TASK TO COMPLETE: The task calls for the lines below from the line with "Hair straightener on" to the line with "Peace Love Books", both ends included, copied exactly, without any pictures.

GIVEN RECORDS:
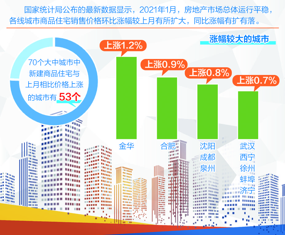 2021年1月,70个大中城市中,新建商品住宅与上月相比价格上涨的城市有53个。二手住宅方面,北上广深四个一线城市环比涨幅较为明显。
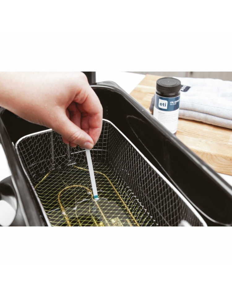 Flacone con 100 strisce reattive e tabella colori di facile lettura. Immergere la fascia colorata della striscia nell’olio (max. 40°C) per 2 secondi, quindi rimuoverla e attendere 2 minuti. Confrontare la striscia con la tabella colori.
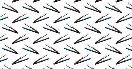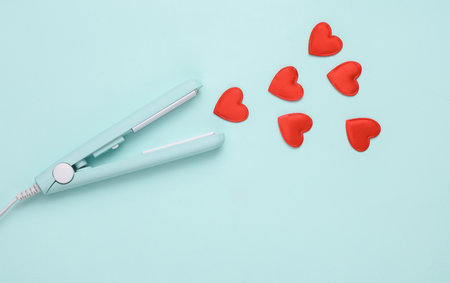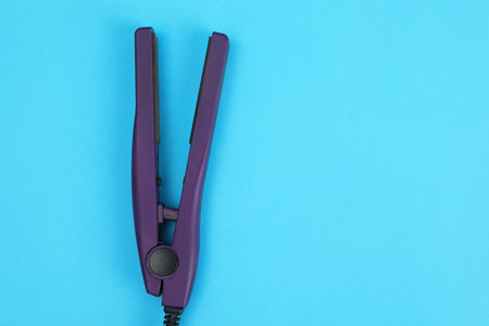Hair straightener on blue background. Top view, flat lay. Minimalism
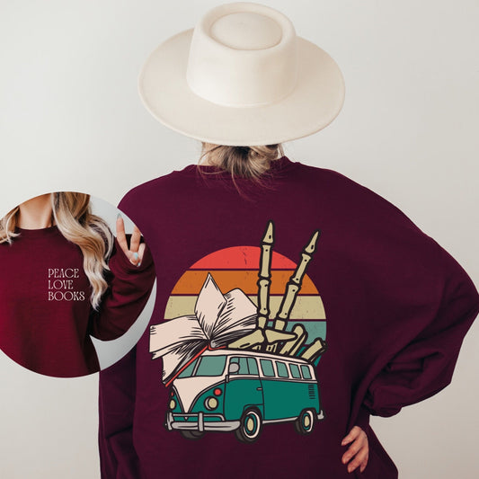 Peace Love Books Crewneck - Skeleton Hands Bookish Sweatshirt - Front and Back Print
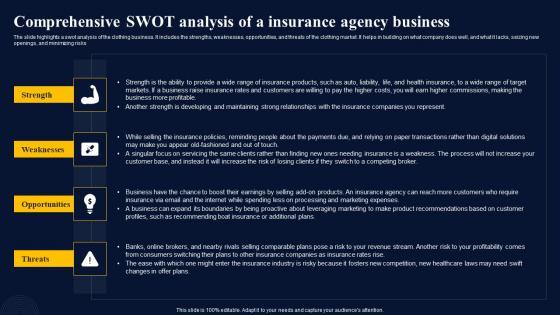 The slide highlights a swot analysis of the clothing business. It includes the strengths, weaknesses, opportunities, and threats of the clothing market. It helps in building on what company does well, and what it lacks, seizing new openings, and minimizing risks Do you have to make sure that everyone on your team knows about any specific topic I yes, then you should give Comprehensive Swot Analysis Of A Insurance Agency Insurance Broker Business Plan Elements Pdf a try. Our experts have put a lot of knowledge and effort into creating this impeccable Comprehensive Swot Analysis Of A Insurance Agency Insurance Broker Business Plan Elements Pdf You can use this template for your upcoming presentations, as the slides are perfect to represent even the tiniest detail. You can download these templates from the Slidegeeks website and these are easy to edit. So grab these today. The slide highlights a swot analysis of the clothing business. It includes the strengths, weaknesses, opportunities, and threats of the clothing market. It helps in building on what company does well, and what it lacks, seizing new openings, and minimizing risks
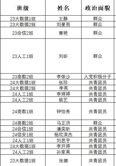 经过学生个人自主申报,班级团支部和团总支初审,二级学院审核同意,产生了2025年春季学期信息学院关于青年马克思主义者培养工程第九期学习班学员拟推荐名单,现予以公示,公示期为3天,名单如下:

WRITTEN REPLY:
Hair straightener on blue background. Top view, flat lay. Minimalism
 Peace Love Books Crewneck - Skeleton Hands Bookish Sweatshirt - Front and Back Print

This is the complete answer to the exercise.